Thank you for this opportunity. I have two questions. First is about CapEx; how much of it has been administered this year? Are there any adjustments based on the guidance released earlier and updates on next year's CapEx plans? Secondly, you mentioned during the value day about cash reserves; how does this change your CapEx? On lithium, with the market flooded leading to falling prices, when do you plan to achieve breakeven point (BEP)?
Regarding CapEx and investments, our plans this year are influenced by market conditions and steel market outlook, which are significantly more depressed than projected. Thus, we have reduced our original CapEx by approximately KRW 200 million, while about KRW 100 billion has already been executed. Infrastructure received about 0.5%, and EV battery materials received more than 30%. Typically, we execute less CapEx than originally planned. We anticipate a similar pattern for this year as well. For the next year, we have not yet formulated a business plan. That will take shape around September to October. However, steel, infrastructure, and EV battery materials investments, which have been planned, will proceed, albeit with minor adjustments. We expect to execute around KRW 10 trillion next year. Regarding cash made available through restructuring—yes, we explained at our value day event that shareholder return will be our first allocation. Most available cash will, of course, go toward investments, some of which are substantial, including EV Battery Materials and other growth businesses, including steel. Regarding lithium prices, particularly hard rock lithium prices are driven largely by the raw material itself, which makes it challenging to project timelines. We feel lithium prices have hit rock bottom. Perspectives on when they might rebound vary; some forecast 2028, while others suggest 2026. Breakeven (BEP) will hinge on price recovery. A positive point is that Argentina and PPLS in Argentina have each moved into ramp-up stages, incrementally increasing production volume. While prices remain low, we aim to solidify our facilities and grow operational rates and certify our products, waiting for prices to rebound to increase our output. Next question, please.

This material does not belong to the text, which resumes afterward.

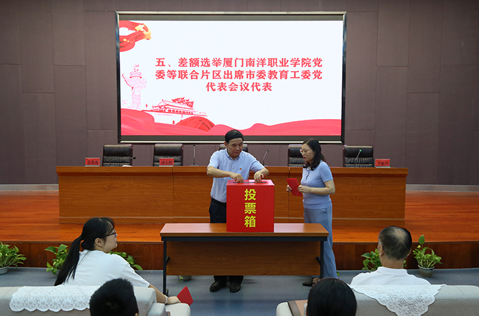 会上,党委书记施水成介绍候选人情况;党委纪检委员鲁晓芹宣读选举办法;党委统战委员钟石根宣读中共厦门市委教育工作委员会《关于厦门南洋职业学院党委、厦门软件职业技术学院党委、厦门安防科技职业学院党委联合选举片区出席市委教育工委党代表会议代表候选人预备人选的批复》。

Hello, I have a question about the iron ore industry. Sales are expected to rise in the latter half. What is your sales outlook for this period? Regarding steel prices recovering, do you believe profits will align with the increases seen in the second half? I’d also like to understand how your restructuring of non-core assets might generate losses and increase volatility in the short term; is this a concern of yours?
Regarding the overall sales and operating profit outlook for the steel business, we’re looking at an increase of about 1 million tons in the second half due to a restructuring of operations while also pushing the sale of high-margin products. We believe this will reduce fixed costs and increase sales prices, substantially contributing to overall profit increases. However, in Q3, we expect a decline in global steel prices alongside a decrease in raw material costs. Consequently, steel prices are expected to drop in Q3 but could rise in Q4 as a result of scheduled production cuts from China. Mill margins will be affected, but likely could allow for slight profit increases. Regarding potential restructuring-related losses, we are restructuring 120 assets not aligned with our strategy over the next few years. While this may include underperforming assets leading to temporary losses, these will be spread evenly over multiple years. In the long run, this restructuring process will generate cash and improve consolidated earnings. So while there may be short-term impacts, we expect long-term benefits from the restructuring. To add some comments, once the restructuring is complete, the losses would be counterbalanced by improvements in operating profits, converting these losses into profits over time. Is there an additional question?
No other questions have come up. I believe all the questions have been asked. I'd like to wrap this up. Thank you everyone for participating, and I hereby close the second quarter earnings release reporting session. Thank you very much.